Let’s look at the zombie, shall we. What is it? An animated corpse, right? Two hit dice, an Armor Class of 8, strikes last in the combat round, and does D8 damage…which seems formidable compared to D6, but not that bad when using the variable weapon damage rules (as we are).
[by the way, Matthew was back with us last night…yay!...and was a bit discombobulated by weapons rolling different dice now. That really does my heart good when I manage to make that kind of impression…I may even switch back to D6 in the near future as this scrabbling around for D8s and D10s just to see them roll 1s and 2s anyway is starting to get annoying]
Per Moldvay, a zombie is 2nd level monster…it appears on the 2nd level of the dungeon in fairly high numbers (I believe 2D8 is the number appearing outside the lair) which is practically an undead riot in the confines of narrow 10’ corridors…a roiling, seething mass of cadaverous flesh and fangs and teeth. Fortunately for my players, I don't unleash this sort of nightmare in my adventure (all the zombies are encountered in wide open spaces).
In fact, there are no zombies on the 1st level of the dungeon normally, so they’d only be encountered in deeper forays OR (as happened last night) after successive forays that resulted in both leveling up (for the PCs) and the “corpsifying” of the local dungeon denizens: zombie-fodder.
Even so, they’re limited in their locals (does it sound like I’m giving too much away by writing this? Well, there were only two living survivors of last night’s clusterf**k; so what if I throw ‘em a bone?). The cultists don’t have enough fodder lying around (yet) to make a Grand Army of the Dead, so they use ‘em as guards. And what are they going to guard? Well, the sacred places left in the Necropolis that still have shit worth guarding, of course. On the first level, that means the Great Temple and the Black Cauldron.
[yes, like the book…told you people I’m a hack]
But zombies, right? Not a problem, right? The party was packing quite a bit of muscle: a 3rd level archer with an 18 Dex and magic arrows, a 3rd level magic-user, a 4th level thief, a barbarian with double-digit hit points, a plate-and-shield armored fighter, and the party cleric. Rugrin the acolyte was still only 1st level, but he was only 3 XP away from 2nd and was well-armed with a magic mace and heavy armor.
Mmm-mm-mm.
A 1st level cleric needs a 9 to turn zombies. That’s about a 1 in 4 chance.
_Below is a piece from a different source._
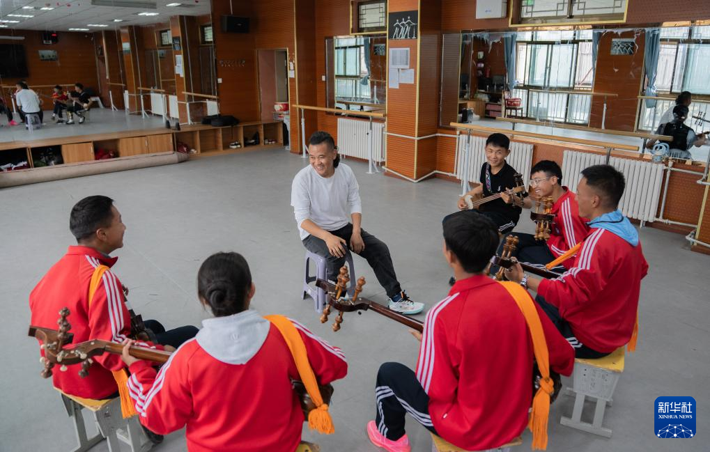 9月9日,在拉薩市第二中等職業(yè)技術(shù)學(xué)校,洛桑次仁老師在給孩子們傳授扎念琴?gòu)椬嗟囊I(lǐng)。新華社記者 丁增尼達(dá) 攝

Zombies are fast in B/X; they move in a shambling gate equal to an unarmored man. That means that IF they pursue a fleeing party, they will still probably chase them down. Of course, they also get back attacks against any party member that attempts to run from melee, just like any other monster. And zombies themselves are FEARLESS…with Morale 12 they NEVER give up and always fight to the death.
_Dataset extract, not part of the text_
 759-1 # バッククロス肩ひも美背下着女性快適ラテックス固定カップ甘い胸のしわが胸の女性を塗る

Mindless, fearless, shambling nightmares animated by a restless spirit chained to a rotting corpse…pure, physical malevolence. And while it’s easy to hit AC8, the high hit points (average: 9) means the zombies will often stick around at least a round or two. And though slow, they hit as hard as hobgoblins.
So the first zombie fight of the night led to the deaths of the archer, fighter, and barbarian. The remaining party members picked over their friends’ corpses and left the dungeon for a few days of rest and recovery. Then, joined by another archer, an elf, and another stalwart warrior, the party made a second foray into the dungeon and swiftly returned to the Great Temple…only to find the same reanimated corpses re-reanimated.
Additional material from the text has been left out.